**PROBLEM**
Range to repeat from the listing below: the line containing "I really loved" down to the line containing "さらに保温力を高めるために袖", both included. Copy it exactly, pictures excluded, and add nothing else.

**RECORDED DATA**
--------------------------------------------------
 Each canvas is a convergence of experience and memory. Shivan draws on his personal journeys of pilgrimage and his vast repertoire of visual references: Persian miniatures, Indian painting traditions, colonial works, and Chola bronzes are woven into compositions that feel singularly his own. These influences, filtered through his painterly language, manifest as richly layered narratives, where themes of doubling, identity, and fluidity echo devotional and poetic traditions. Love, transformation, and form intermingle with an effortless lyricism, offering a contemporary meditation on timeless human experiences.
--------------------------------------------------
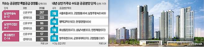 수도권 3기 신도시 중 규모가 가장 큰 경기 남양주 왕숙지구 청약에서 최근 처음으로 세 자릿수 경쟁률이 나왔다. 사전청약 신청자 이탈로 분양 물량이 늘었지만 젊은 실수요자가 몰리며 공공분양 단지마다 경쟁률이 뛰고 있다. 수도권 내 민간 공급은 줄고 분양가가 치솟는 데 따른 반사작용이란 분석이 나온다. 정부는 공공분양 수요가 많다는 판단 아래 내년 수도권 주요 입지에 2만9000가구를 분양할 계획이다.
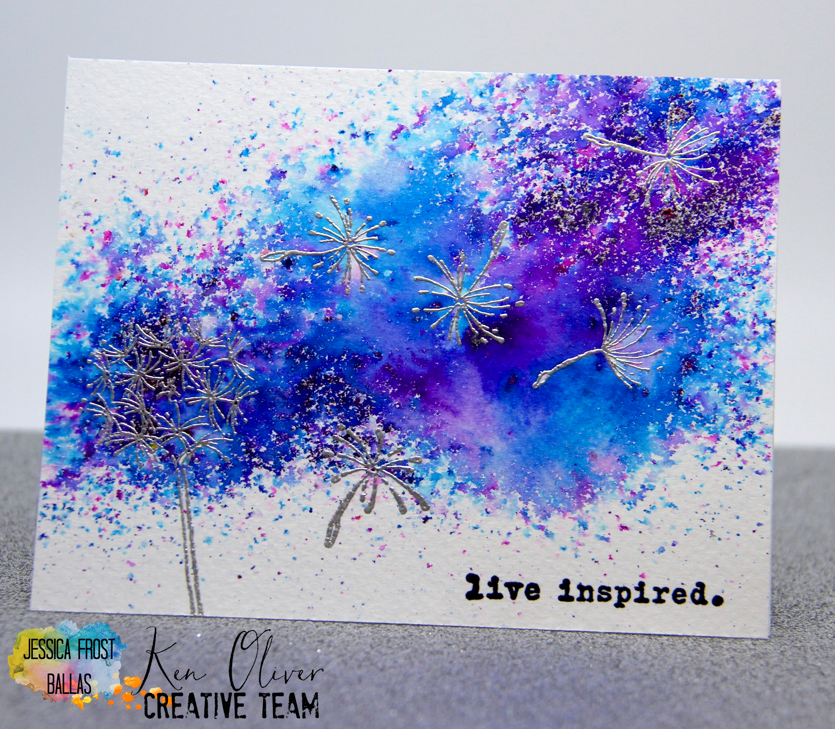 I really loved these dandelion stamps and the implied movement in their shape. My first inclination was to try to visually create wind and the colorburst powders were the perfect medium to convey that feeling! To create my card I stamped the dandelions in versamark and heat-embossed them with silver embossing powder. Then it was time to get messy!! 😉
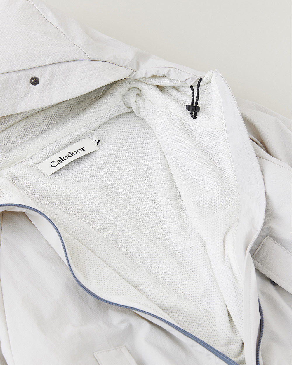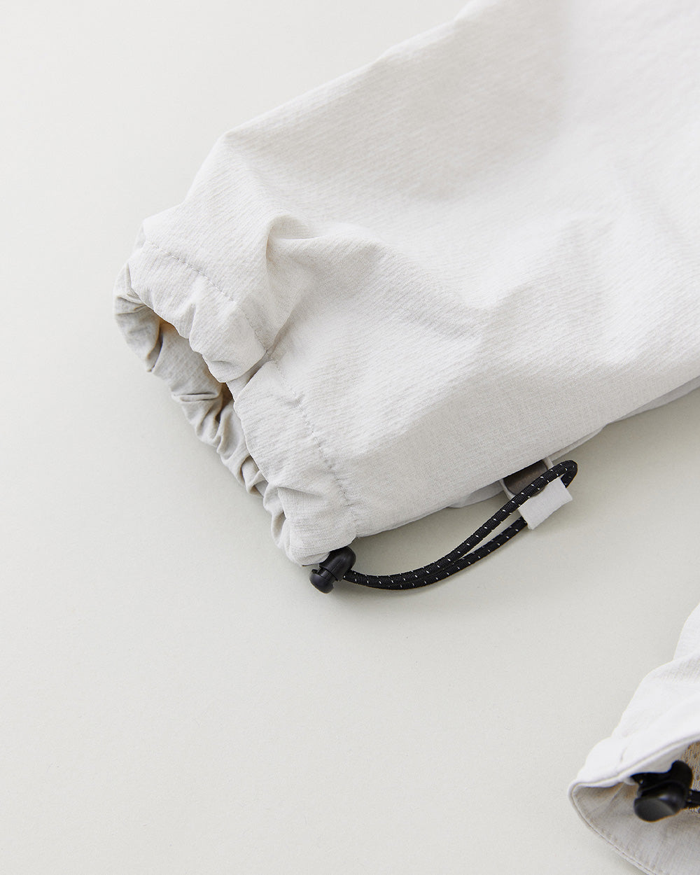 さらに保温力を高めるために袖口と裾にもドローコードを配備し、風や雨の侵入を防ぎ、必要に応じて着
--------------------------------------------------
**FINAL ANSWER**
 I really loved these dandelion stamps and the implied movement in their shape. My first inclination was to try to visually create wind and the colorburst powders were the perfect medium to convey that feeling! To create my card I stamped the dandelions in versamark and heat-embossed them with silver embossing powder. Then it was time to get messy!! 😉
 さらに保温力を高めるために袖口と裾にもドローコードを配備し、風や雨の侵入を防ぎ、必要に応じて着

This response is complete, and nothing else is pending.